Орлы над трупом - Денис Гуцко 3 стр.


Ветер теребил ее волосы, полы плаща, умершую в ожидании снегов траву, поднимал завитки пыли над дорогой и тасовал с обочины на обочину всякий осенний хлам: листья, веточки, соцветия репейника, которые подпрыгивали на кочках, словно крохотные мячики. Далеко впереди светло-коричневым дымом стелилась облетевшая роща. Невидимые руки шарили вокруг, ерошили окрестность, заметали, что плохо лежит. Свою добычу ветер нес куда-то за рощу. И казалось при этом – алчно пересыпал из одной ладони в другую. Справа налево летели репейник и листья, потом летели слева направо.

Полунин убил бы. Мих Миху не нужно было бы времени, чтобы прийти в себя. Такие, как он, не нуждаются во времени. Такие, как он, обдумали все заранее. Возможно, ему и в самом деле доводилось убивать. Мрачная двусмысленность всегда витала вокруг Мих Миха. Никогда нельзя было сказать про него: "вот сейчас он подумал то, вот сейчас он чувствует это".
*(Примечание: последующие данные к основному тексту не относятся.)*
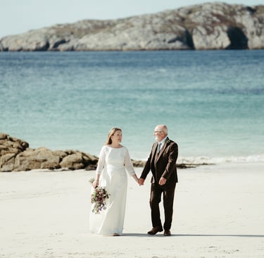 Nicola and Ray chose the quiet beauty of Achmelvich Beach for their intimate elopement, surrounded by their closest family. Their heartfelt ceremony was a celebration of a new beginning, marked by timeless vows and a quiet, steady joy that reflected their deep companionship.

Что он, подлец, чувствовал, когда трахал его жену? Весело ему было?

Не иначе, какие-то чувства водились между ними – не платил же он ей.

Андрей усмехнулся: платил Мих Мих ему. Ему платил, ее трахал. Покойный любил изящные схемы.

Когда-то Андрею казалось, что красивая женщина – как боевая награда. Заслужил – получи. Но Мих Мих не заслужил ничем. Не думал он о женщинах всерьез. И любовник наверняка был убогий. Наверняка и над ней нависал сосредоточенно, как над тарелкой. Но Андрей вспоминал, как она ходила там в халате и тапочках, вспоминал дорогие платья в чемодане, и его охватывало отчаяние оттого, что все оказывалось не так, как должно быть.

Руль скрипнул в его руках. Андрей остановился и смотрел, как Наташа уходит все дальше и дальше в сторону рощи, туда, куда летит ветер. Если можно было бы отпустить ее, дать уйти за эту рощу: пусть уходит, пусть летит себе по ветру. Ничего не было. Ее не было. Женщины – не награда. Их не приколешь на грудь. Они летят. Какими-то своими неведомыми маршрутами. Женщин приносит и уносит ветер. Принесет еще.

Он мог бы ничего не узнать. Жили бы как жили. Может быть, без Мих Миха, без его денег, получилось бы даже лучше. Как в самом начале – ведь получалось у них в самом начале. Каждый выходной он проводил с ней. Сам себе удивлялся – всю неделю обдумывал, как проведет с ней свободный день. Раньше у него время от времени возникала потребность в жгучей близости с женщиной, такой, когда хочется лезть друг другу в душу, и желание поделиться всем сокровенным делается невыносимым. Но раньше, до Наташи, достаточно было простых и понятных вещей. Букета цветов. Бутылки вина. Свечей. Рассказов о детстве. О самых постыдных поступках или причудах. О прошлых любовниках и любовницах. О заветной мечте, которую, впрочем, можно было и на ходу сочинить.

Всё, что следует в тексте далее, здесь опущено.